___ INFORMATION GIVEN
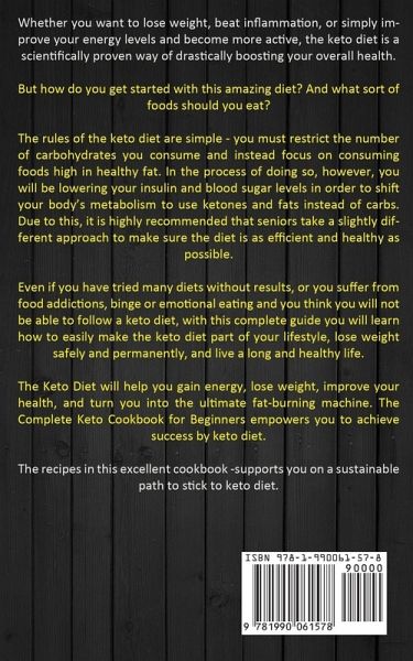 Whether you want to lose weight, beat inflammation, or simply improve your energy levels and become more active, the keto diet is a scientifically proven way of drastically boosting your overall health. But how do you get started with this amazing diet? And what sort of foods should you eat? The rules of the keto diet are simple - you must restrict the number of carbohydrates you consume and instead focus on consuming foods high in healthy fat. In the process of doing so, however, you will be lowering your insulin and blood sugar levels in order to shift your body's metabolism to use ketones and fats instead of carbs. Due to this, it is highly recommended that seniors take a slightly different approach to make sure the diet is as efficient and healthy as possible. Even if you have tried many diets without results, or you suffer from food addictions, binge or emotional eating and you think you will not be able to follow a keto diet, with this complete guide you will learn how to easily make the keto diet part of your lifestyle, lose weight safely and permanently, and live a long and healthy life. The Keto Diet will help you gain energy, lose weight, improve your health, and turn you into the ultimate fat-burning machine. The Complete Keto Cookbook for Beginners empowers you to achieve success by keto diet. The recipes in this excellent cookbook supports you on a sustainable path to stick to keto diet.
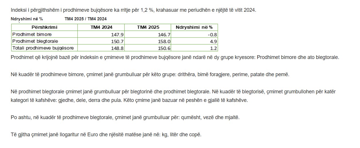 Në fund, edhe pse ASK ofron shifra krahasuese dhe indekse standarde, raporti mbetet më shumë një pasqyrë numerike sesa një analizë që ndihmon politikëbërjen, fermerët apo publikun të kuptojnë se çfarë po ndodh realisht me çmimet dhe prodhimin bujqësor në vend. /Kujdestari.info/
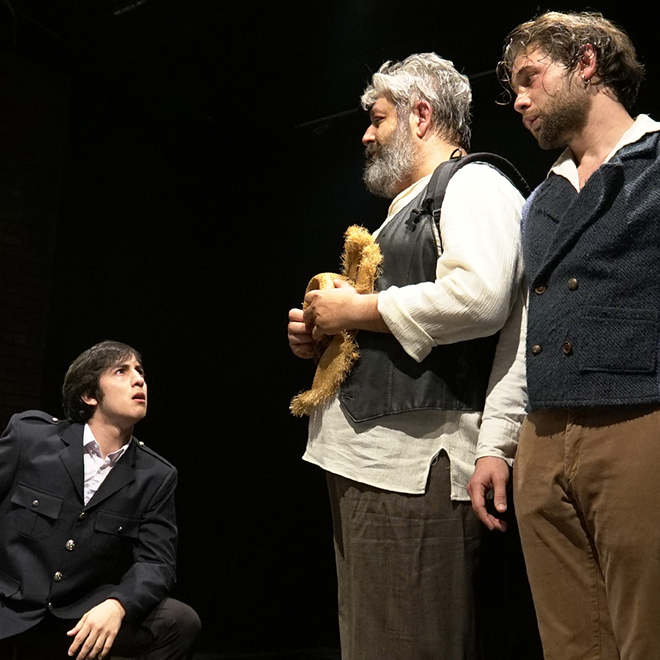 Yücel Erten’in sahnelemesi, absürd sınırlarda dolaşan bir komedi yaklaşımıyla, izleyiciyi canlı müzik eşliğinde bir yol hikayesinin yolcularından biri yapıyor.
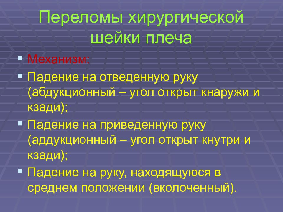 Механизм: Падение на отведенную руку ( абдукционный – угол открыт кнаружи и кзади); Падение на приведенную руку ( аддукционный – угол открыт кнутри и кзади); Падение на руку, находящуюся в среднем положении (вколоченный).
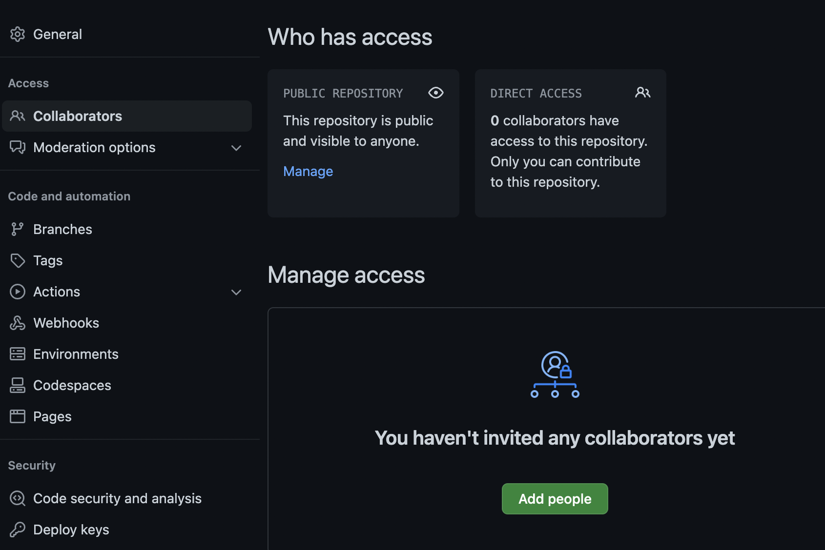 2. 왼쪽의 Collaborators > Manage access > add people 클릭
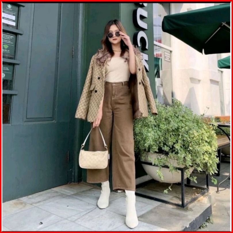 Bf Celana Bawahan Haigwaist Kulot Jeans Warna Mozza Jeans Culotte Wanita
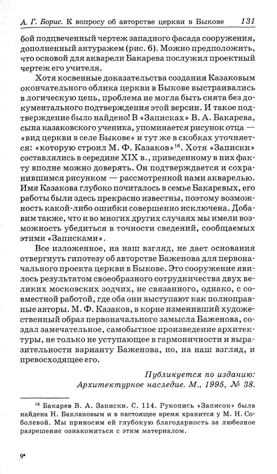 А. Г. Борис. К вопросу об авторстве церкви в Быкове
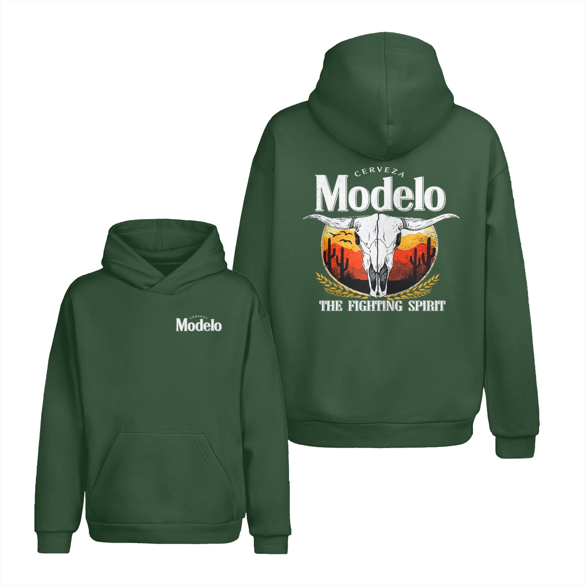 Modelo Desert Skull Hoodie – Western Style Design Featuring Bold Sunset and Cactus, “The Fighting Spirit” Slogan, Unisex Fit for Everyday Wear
______
___ INFORMATION GIVEN
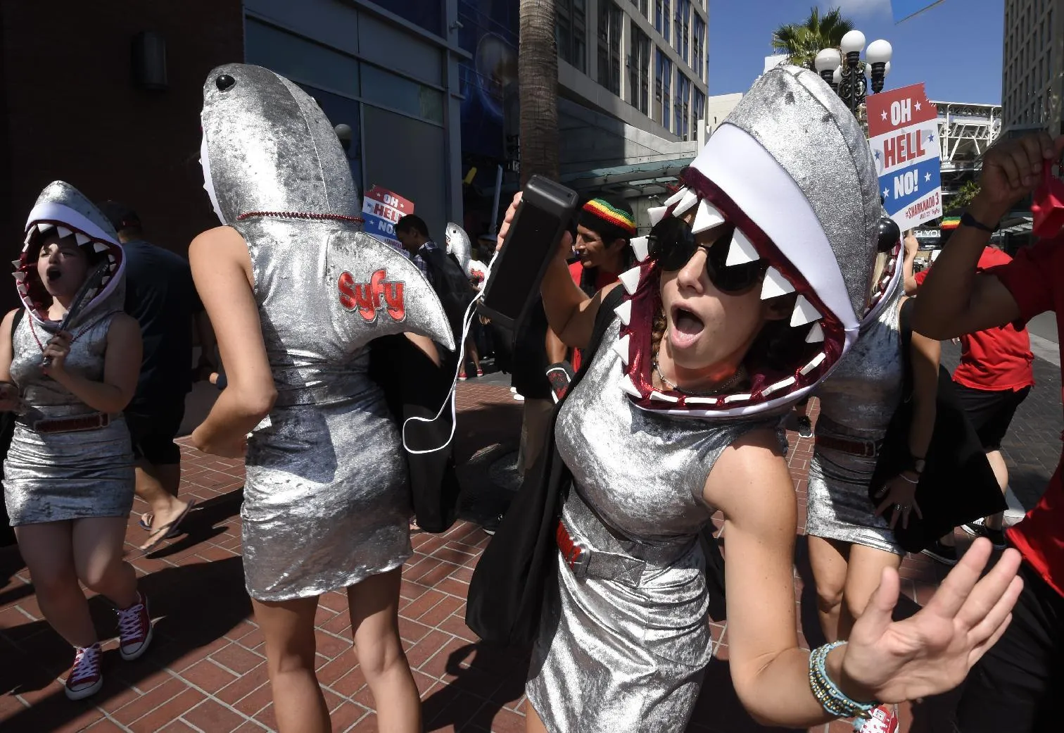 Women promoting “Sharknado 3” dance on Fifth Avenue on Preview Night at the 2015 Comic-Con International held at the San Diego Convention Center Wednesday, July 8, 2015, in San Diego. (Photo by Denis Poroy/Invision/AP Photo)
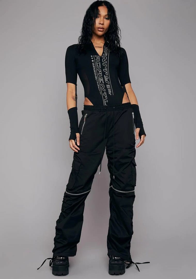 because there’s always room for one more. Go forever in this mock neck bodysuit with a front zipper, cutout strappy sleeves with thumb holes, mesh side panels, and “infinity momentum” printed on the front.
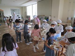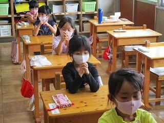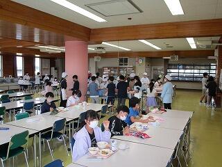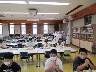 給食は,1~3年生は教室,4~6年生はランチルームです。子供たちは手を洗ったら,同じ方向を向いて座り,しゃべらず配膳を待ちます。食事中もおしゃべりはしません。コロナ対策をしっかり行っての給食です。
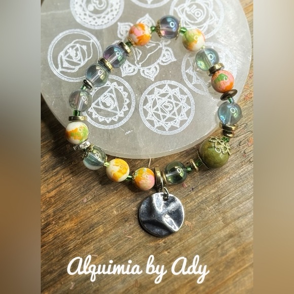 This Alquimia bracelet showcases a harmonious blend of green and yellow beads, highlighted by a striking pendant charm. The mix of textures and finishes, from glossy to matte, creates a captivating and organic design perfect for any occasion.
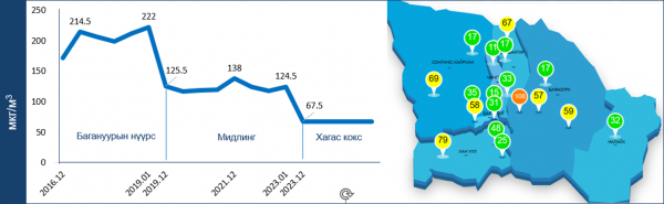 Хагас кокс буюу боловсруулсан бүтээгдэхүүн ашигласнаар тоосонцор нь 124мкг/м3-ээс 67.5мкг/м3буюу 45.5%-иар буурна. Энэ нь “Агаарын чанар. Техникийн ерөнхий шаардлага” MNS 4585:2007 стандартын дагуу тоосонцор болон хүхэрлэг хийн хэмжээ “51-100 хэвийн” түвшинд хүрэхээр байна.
______
_EXERCISE DESCRIPTION_: Write out again exactly the lines above from the one with "Bf Celana Bawahan" through the one with "Modelo Desert Skull", adding no other lines and no pictures.

_ANSWER TO THE PROBLEM_:
 Bf Celana Bawahan Haigwaist Kulot Jeans Warna Mozza Jeans Culotte Wanita
 А. Г. Борис. К вопросу об авторстве церкви в Быкове
 Modelo Desert Skull Hoodie – Western Style Design Featuring Bold Sunset and Cactus, “The Fighting Spirit” Slogan, Unisex Fit for Everyday Wear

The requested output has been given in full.